And the silence said everything.

.

.

Vegeta sat slouched on the cracked park bench in front of the rundown kindergarten, the weight of the day already pressed deep into his shoulders. His hands were buried in the pockets of his worn hoodie, his face carved into that usual scowl — a perfect mask for the chaos underneath.

Then he heard it — light footsteps, high-pitched laughter — and the ice around his heart cracked.

Two small bodies flung themselves into his arms.

Tarble, six years old, was like a miniature shadow of Vegeta — sharp-eyed and serious, always trying too hard to be brave. And Trunks, barely four, toddled behind with the fierce joy of someone who hadn’t yet learned fear. Trunks couldn’t pronounce his r’s, still stumbled over steps, but had a mind like fire and a smile that made the world tilt just a little less off-center.

They were the only thing in his life that still made sense. The only good. The only soft. The only real.

Vegeta dropped to one knee, scooping Trunks into his arms and ruffling Tarble’s hair with a gentleness that didn't seem to belong to someone who wore bruises like second skin. He clutched them tightly, letting their warmth remind him — if only for a second — that he was still human.

“C’mon,” he murmured, his voice hoarse from a night of screams. “Let’s get you home.”

They walked slowly, Trunks babbling nonsense into his ear while Tarble kicked a rock along the road.
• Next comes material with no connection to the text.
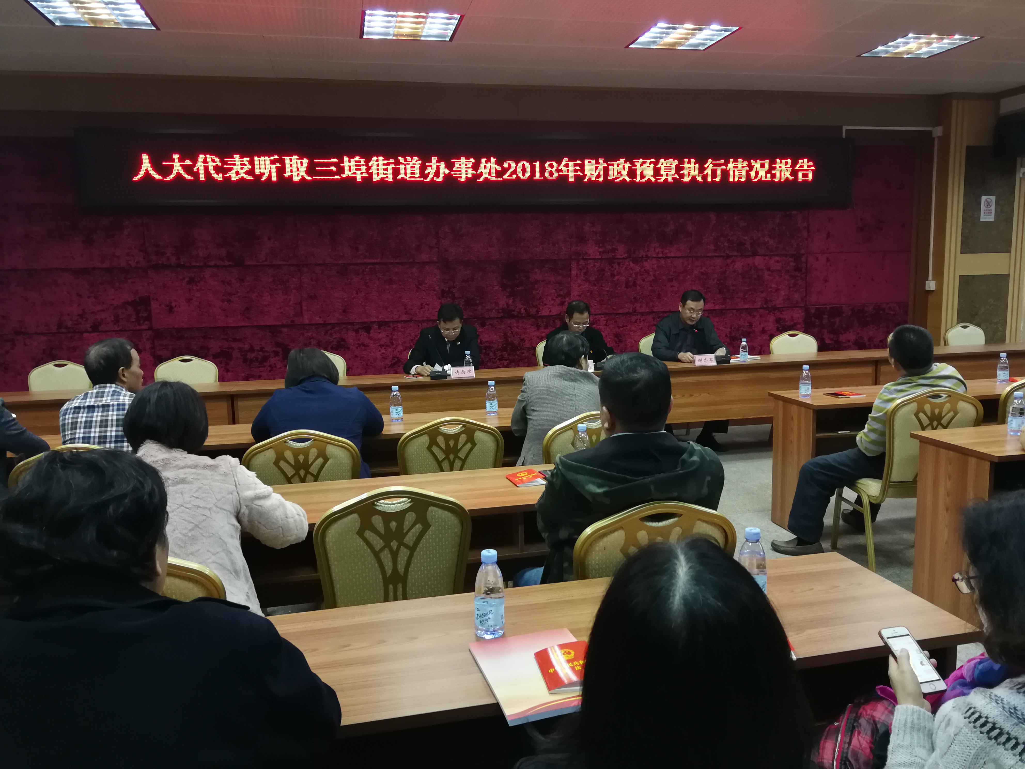 随后,三埠街道党工委委员谢志军通报了《2018年1-11月份三埠街道办事处财政预决算实施情况》。

The mansion loomed on the hill ahead — a cold, elegant monster of a place. Its beauty was a lie. Just like Frieza.

The front door creaked open on hinges that had long forgotten warmth, and silence swallowed them whole.

Vegeta ushered the boys inside and locked the door behind him — a reflex more than a strategy. Frieza never knocked.

The kitchen was spotless and cavernous. Empty. Like always.

He opened the cabinets. Nothing. The fridge held a single jar of pickles and a bruised apple. Frieza kept most of the food under lock and key, hidden behind heavy chains in the walk-in pantry. “Because rats don't get a feast,” Frieza had told him once, slapping a sandwich out of his hand with a grin that still haunted Vegeta in his sleep.

He swallowed the burn rising in his throat and pieced together something vaguely edible — crackers, a bit of cheese, an old juice box split between two cups. He placed the food on the table, knelt down, and tried to smile. "Gourmet dinner tonight, boys."

They giggled, and for a moment, it almost felt normal. Almost.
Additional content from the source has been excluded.